Wells Fargo Starts Foreclosure Fight Against Loews Lake Las Vegas

(LAS VEGAS, NV) -- As hotel foreclosure fights go, this one is a bit peculiar.

On the one hand, New York City-based Loews Hotels acknowledges it cannot pay off a $117 million loan to San Francisco-based Wells Fargo Bank.
At the same time, Loews is pressing to keep its 493-room, 10-year-old Loews Lake Las Vegas resort open and operating, but says the property's owner of record, LLV Hotel LLC, has no money to keep the resort going.

On the other side, the bank has told a Clark County District Court judge it already has provided Loews with $581,000 in operating funds, on top of the $117 million loan,  through its CWC Capital Asset Management loan servicing company.

Loews argues in a court filing the $117 million debt is moot since it is willing to transfer its interest in the property to Wells Fargo, but wants to continue operating the hotel through its L.H. Investments LLC of New York City.

However, Wells Fargo wants the court to appoint a receiver to manage and maintain the property.

Loews concedes it holds only a minority ownership interest (25 percent) in the property.  A so-far undisclosed private investor has the majority interest (75 percent). The partners bought the property from Transcontinental Corp. in 2006 when it was called the Hyatt Regency Lake Las Vegas Resort.

Wachovia initially loaned the funds to Loews to make the hotel acquisition.  Wachovia has since been acquired by Wells Fargo.

The property includes 110,000 square feet of meeting space, waterfront views of Lake Las Vegas, a spa, gym, four food and beverage outlets and two pools.

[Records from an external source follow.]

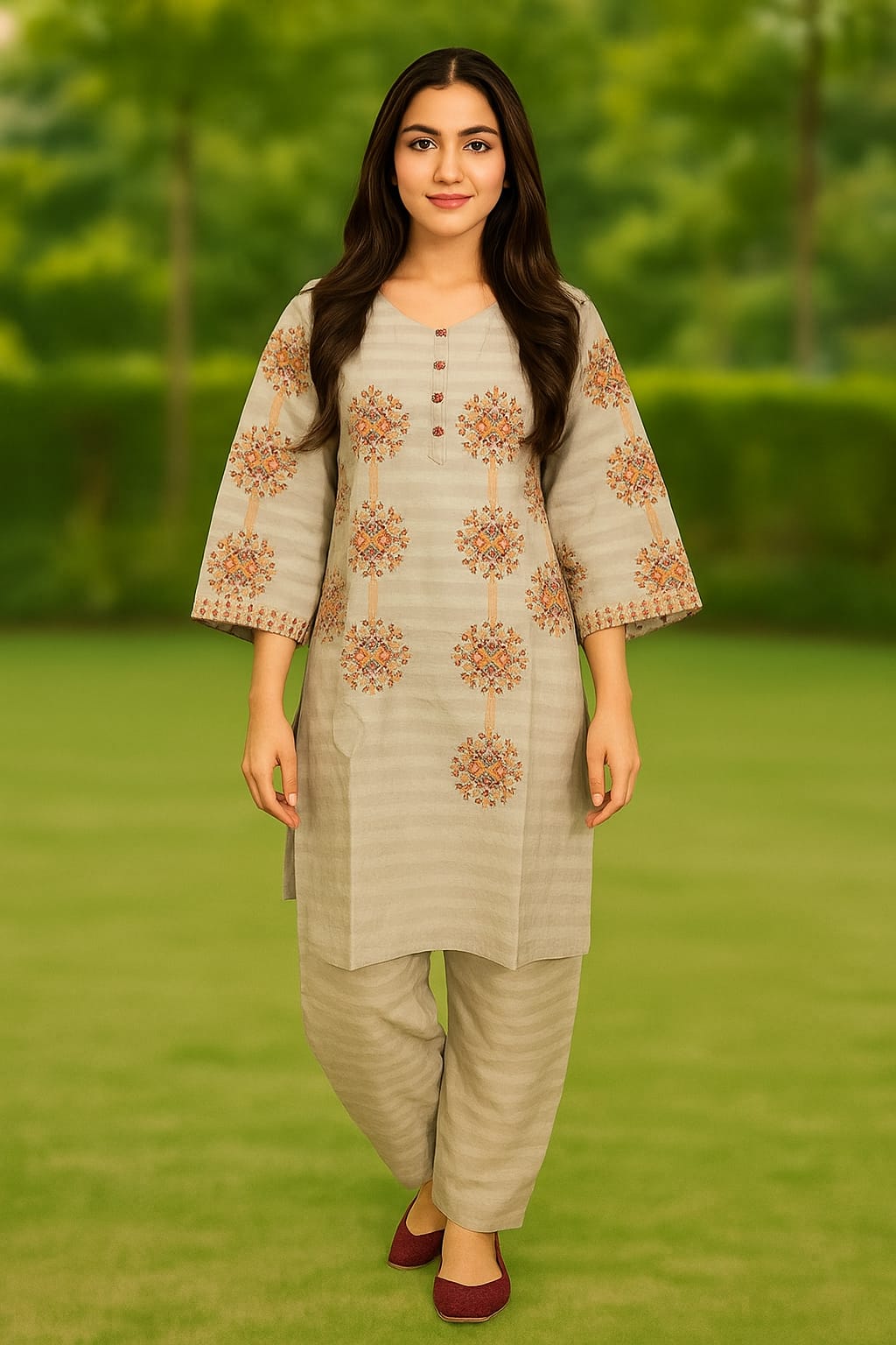 Upgrade your wardrobe with this stunning 2-piece embroidered dress, crafted in a soft beige shade and beautifully adorned with maroon and multi-color thread embroidery. The intricate floral patterns on the front and sleeves give it a traditional yet modern touch.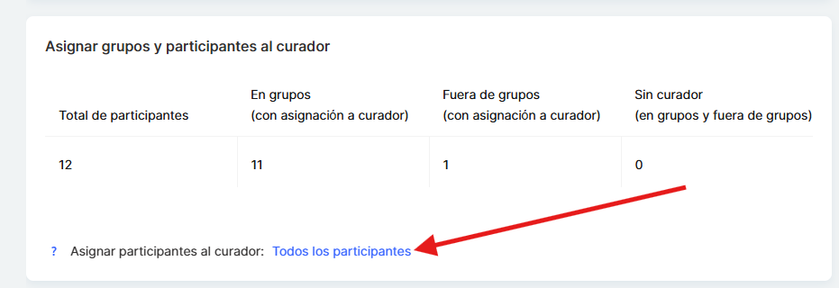 ● Todos los participantes: el asistente tiene acceso a todos los participantes del curso. Esto es adecuado para cursos en los que el asistente necesita ver todo el flujo de estudiantes, independientemente de su distribución.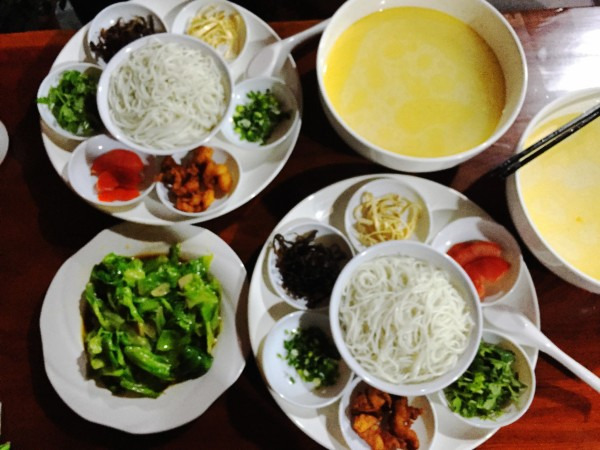 云南过桥米线,米线和菜都是自己用汤烫熟了吃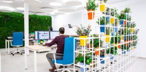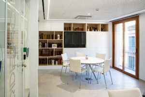 Para optimizar el espacio de trabajo, se ha reunido a todo el personal en la planta baja y la entreplanta, donde la excesiva compartimentación original ha dejado paso a nuevas y luminosas áreas diáfanas. En ellas, la vegetación se incorpora al diseño, a través de una estructura metálica con plantas suspendidas en su interior y un jardín vertical como telón de fondo.

The Las Vegas Sun reports Standard & Poors first spotted the cash flow problems at the resort last year.  Increased cancellations and fewer group bookings soon surfaced. 

When Loews and its partner purchased the resort in 2006, average daily room occupancy stood at 68.8 percent.  Average daily revenue per available room was $133.14 in the previous 12 months, according to S&P.

But between October 2007 and October 2008, occupancy had slipped to 55.5 percent and revenue per available room fell to $103.77, the credit rating agency said.